# Forced Air cooling for components



## fibreKid (Apr 20, 2006)

I have been reworking my entertainment center and decided to remove the 1.5 inch fans (4) and replace them with a single larger fan. 120mm (4.7"). The little fans when attached to the back panel of the entertainment center made too much noise. I found this website 
http://www.quietpcusa.com/Noctua-NF-S12-Quiet-Computer-Fan-120mm-800-RPM-P84C68.aspx
that has what looks to be a very quiet fan. I've ordered a fan, filter cover and a soft gel gasket to attach it with the hope that I will be able to turn the volume down low without the fan noise ruining the music. Instead of mounting it to the entertainment center I'm going to try and take a small plastic painting tray and mount it to it and then mount the tray to the back panel of the EC. The inverted tray will cover the holes and act as a simple manifold. ( i hope )

-john


----------



## cavchameleon (Jan 7, 2008)

John,

The Noctua fans are AWESOME. They are very quiet (you have to be right on top of them to even tell they are on). I've been using them for quite some time for cooling. I got them from a different site though (a lot of cooling materials on this site):

http://www.svc.com/nf-p12.html

Ray


----------



## fibreKid (Apr 20, 2006)

Wow, I got lucky thanks for the reply. I just went to the website and found out that the fan I purchased has been discontinued. (120 mm 800 rpm 8 db) I'm glad I purchased two of them.
I'll post an update when I get it installed.

Thanks again
-john


----------



## cavchameleon (Jan 7, 2008)

I'm not sure that they are actually discontinuing it as they are changing models. They make quite a few fans for cooling. I have tried Many different brands/makes and Noctua fans are really one of the best made - extremely quiet and moves air very efficiently. I home this company does not go under with these hard economic times, would be a great loss. Let us know when you have it installed and what you think of it. 

Ray


----------



## jackfish (Dec 27, 2006)

What 12 volt source does one use to implement such a fan into components or entertainment centers?


----------



## cavchameleon (Jan 7, 2008)

Any 12V power supply will work as long as the rated current is slightly higher than what the source needs. You can pick one up at Radio Shack, Walmart, etc.
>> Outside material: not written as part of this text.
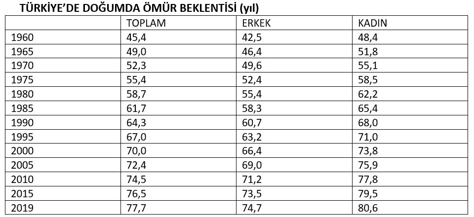 Devlet İstatistik Enstitüsü’nün raporuna göre, Türkiye’de doğumda yaşam beklentisi 1935-1940 döneminde yalnızca 35,43 yıldı. Bu süre erkeklerde 34,68 ve kadınlarda 36,23 yıldı. Bu yıllarda çocuk ölümlerinin çok fazla olması, ortalamayı epeyce düşürüyordu. 1940-1945 yıllarında İkinci Dünya Savaşı’nın yoklukları ve sıkıntıları yaşandı. Doğumda yaşam beklentisi 31,34 yıla düştü. Bu süre erkeklerde 30,10 ve kadınlarda 32,65 yıldı. 1945-1950 yıllarında doğumda ömür beklentisi 38,10 yıla yükseldi. Bu süre erkeklerde 36,68 yıl ve kadınlarda 39,59 yıl oldu. 1950-1955 döneminde ise, Türkiye’de sağlık hizmetlerinin daha da geliştirilmesi ve özellikle antibiyotiklerin kullanıma girmesiyle, doğumda yaşam beklentisi 43,52 yıla yükseldi. Bu süre erkeklerde 41,96 yıl ve kadınlarda 45,16 yıl oldu. (DİE, Türkiye Nüfusu, 1923-1994, Demografi Yapısı ve Gelişimi, Yay.No.1839, Ankara, 1995, s.40)

Here is one from Parts Express:

http://www.parts-express.com/pe/showdetl.cfm?Partnumber=182-508

You'll need to cut the end off and splice it to the pig-tailed end of the plug for the fan (or you can purchase a female end to match the power supply plug and fix it to the pig-tailed end of the fan plug).

Ray


----------



## fibreKid (Apr 20, 2006)

It seems it is,

http://www.noctua.at/main.php?show=produkte&lng=en#eol

it is the 800 RPM fan

http://www.noctua.at/main.php?show=productview&products_id=4&lng=en

Ah but I see some others that have multiple speeds. 2 or 3 settings.
I'll take pictures and post a reply when I get it done.

Thanks
-john


----------



## cavchameleon (Jan 7, 2008)

Yep! Looks like they are changing the blade design on some of the newer models so they need to move out older stock. The multiple speed design is done by switching wires. I'm not sure of my exact model off hand, but it had two speeds - I chose the faster speed (still Extremely quiet).

Ray


----------



## andy123 (Jul 23, 2009)

I have got a fan about 80mm for My system. But that also make alot of noise can you give me tips on how to reduce it or should i change the fan and replace it with a new one.


----------



## cavchameleon (Jan 7, 2008)

Hi,

IMO, it would be best to replace the fan with a quiet one (and the cheapest route). It takes a lot of material to absorb the sound and could reduce flow which is not good if you want to maximize cooling.

Ray


----------



## fibreKid (Apr 20, 2006)

I don't have the picture loaded from my camera yet but I've tested the paint tray with the fan attached to the back of the ET. All I can say is wow! I have to listen very carefully with my ear about 18" to 24" away before I can hear anything at all. All I hear is a very low hum, nothing at all like the high pitched scream from the fans before. I need to hook up the rest of my equipment and test it out but I think I have a "Real Winner". When I went to demo it for my wife she said "hear what". :bigsmile:


----------



## fibreKid (Apr 20, 2006)

Okay, here are some simple pictures of my forced air cooling manifold :devil:
I drilled a hole near the center of the paint tray and used a 4" bolt to attach it to the back of the ET. I used another small bolt through the hole that the tray hangs on in the store to keep it from spinning. I had to replace the duct tap with black electrical because the silver could be seen from the front. I used a black Sharpe pen and colored the front face of the fan to reduce it's visibility. I must say that was fun little project.
-john


----------



## cavchameleon (Jan 7, 2008)

John,
Great job!!! Glad you like it! Did your fan come with rubber decouplers? I know mine did - it actually helps since some of the fan vibration (although very little from this fan) can transfer to your manifold which would actually amplify the noise. ENJOY the Quiet!!!:bigsmile: 

Ray


----------



## bandit4 (Aug 12, 2009)

Hello All!
New guy here looking for some info on cooling my home theater..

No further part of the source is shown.